The Legend of the Fog

The focus of Inhabit Media is to acquaint modern-day readers with the rich tradition of Inuit storytelling and to ensure that aspects of Inuit oral history are preserved for future generations. Here are two creative publications that pertain to Arctic mythological creatures.

The Legend of the Fog also concerns a monster, though the tone here is definitely more sinister than in The Qalupalik. A young man named Quannguaviniq walks on the tundra, meeting there an enormous tuurngaq, a demonic spirit in the shape of a hideous giant. Fearing that the tuurngaq will kill him, Quannguaviniq lies upon the ground, pretending to be frozen to death. Fooled, the monster carries the man to his family, where they wait for the body to thaw before devouring him. As the family sleeps, Quannguaviniq plans his escape. He beheads the tuurngaq and runs out into the darkness, only to be followed relentlessly by the giant’s terrifying wife. The ever resourceful young man urges her to drink all the water from a river until she explodes. The steam emanating from her body creates a thick fog over the land, this for the very first time.

From the opening sentence, Nunavut storyteller Qaunaq Mikkigak, together with Toronto librarian and author Joanne Schwartz, entrances us with the retelling of this centuries-old Inuit tale. Readers will experience good versus evil, the force of nature and plenty of suspense. Details such as “The cry of the raven pierced the silence. Then it was quiet again,” contribute greatly to the richness of the text.

Danny Christopher’s digital and watercolour illustrations effectively portray the barren and haunting Arctic environment. Although most of the story takes place at night, Christopher masterfully employs the shards of light radiating from the moonlight and campfire to outline the ghostly setting and characters.

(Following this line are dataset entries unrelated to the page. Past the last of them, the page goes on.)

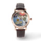Montre vintage en or rose avec bracelet noir
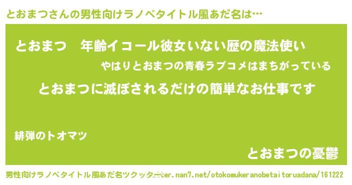 | ヒーロー風カッコイイあだ名 | 『スーパートオマツ』『暗黒騎士トオ』 |
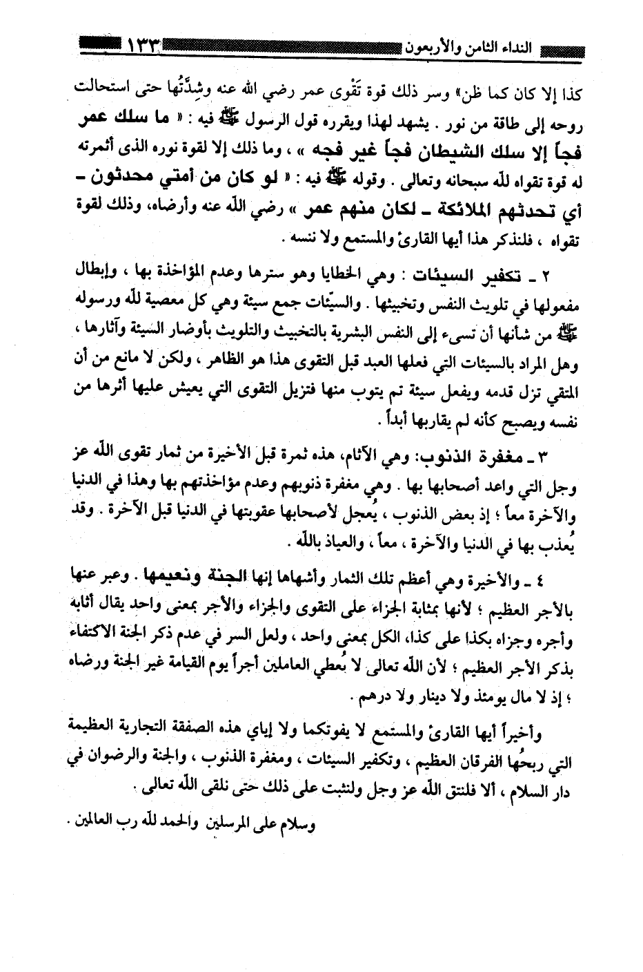 واخيرا أيها القارئ والمستمع لا يفوتكما ولا إياي هذه الصفقة التجارية العظيمة التي ربحها الفرقان العظيم، وتكفير السيئات، ومغفرة الذنوب، والجنة والرضوان في دار السلام، ألا فلنتق الله عز وجل ولنثبت على ذلك حتى تلقى الله تعالى.
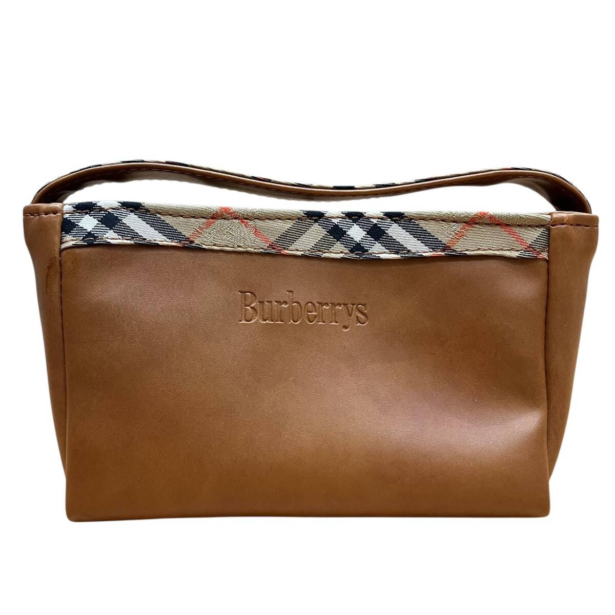 BURBERRY バーバリー ポーチ ブラウン系 レザー ハンドバッグ ノバチェック |
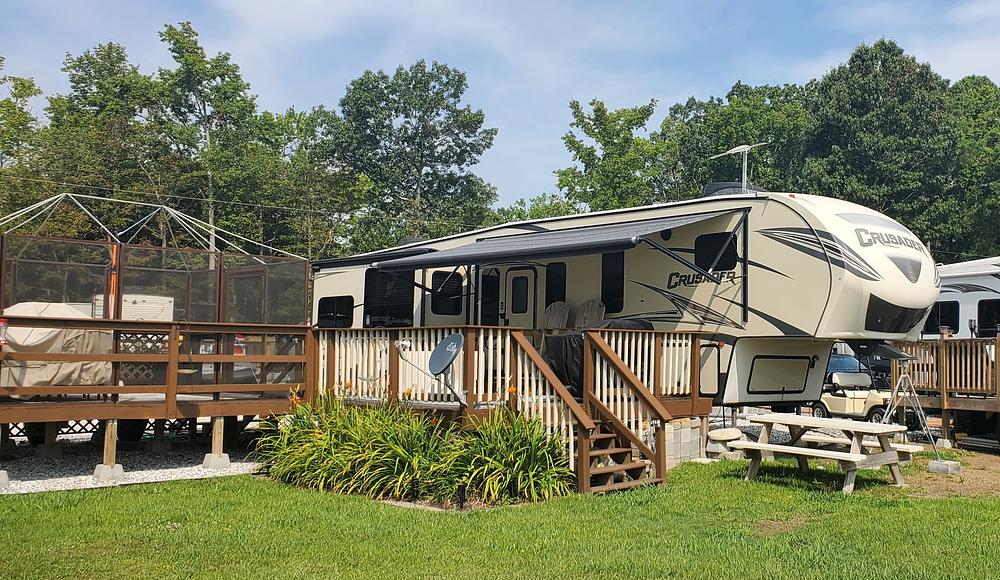 This unit is currently located at the Gwynn's Island Resort in Mathews, Virginia. The deposit of $750 for 2026 is paid for lot I-11.
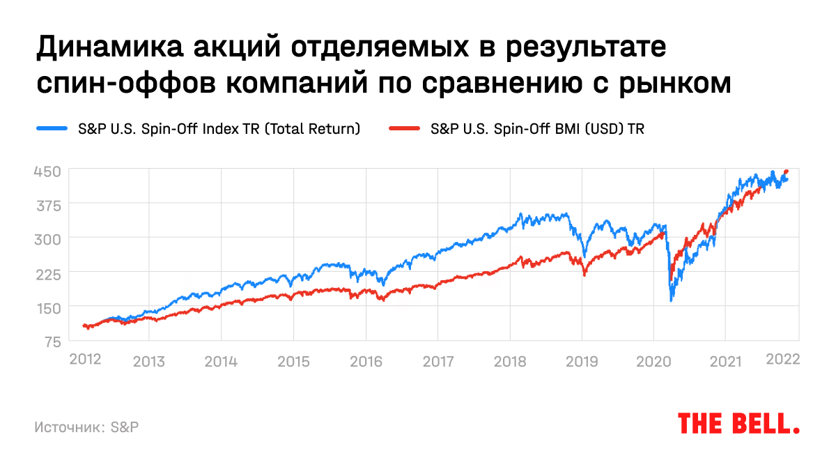 Спин-офф, как правило, хорошо воспринимаются инвесторами. Несколько исследований, проведенных между 1990-м и серединой 2010-х годов, показали, что отделяемые компании в среднем могут опережать рынок на 10–15 п. п. в течение года после выхода на биржу, пишет WSJ. Данные S&P за 1989–2015 годы показывают, что акции отделяемой компании опережают отраслевой индекс на горизонте одного и трех лет. Об этом же говорят эксперты, опрошенные CNBC.

Source: The Canadian Children's Bookcentre. Spring 2012. Volume 35 No. 2.

Canadian Children's  Book Centre
Librarian review

The Legend of the Fog

In this traditional Inuit story, a simple walk on the tundra becomes a life-or-death journey for a young man. When he comes across a giant who wants to take him home and cook him for dinner, the young man’s quick thinking saves him from being devoured by the giant and his family, and in the process, releases the first fog into the world.

Source: The Canadian Children’s Book Centre. Best Books for Kids & Teens. Spring, 2012.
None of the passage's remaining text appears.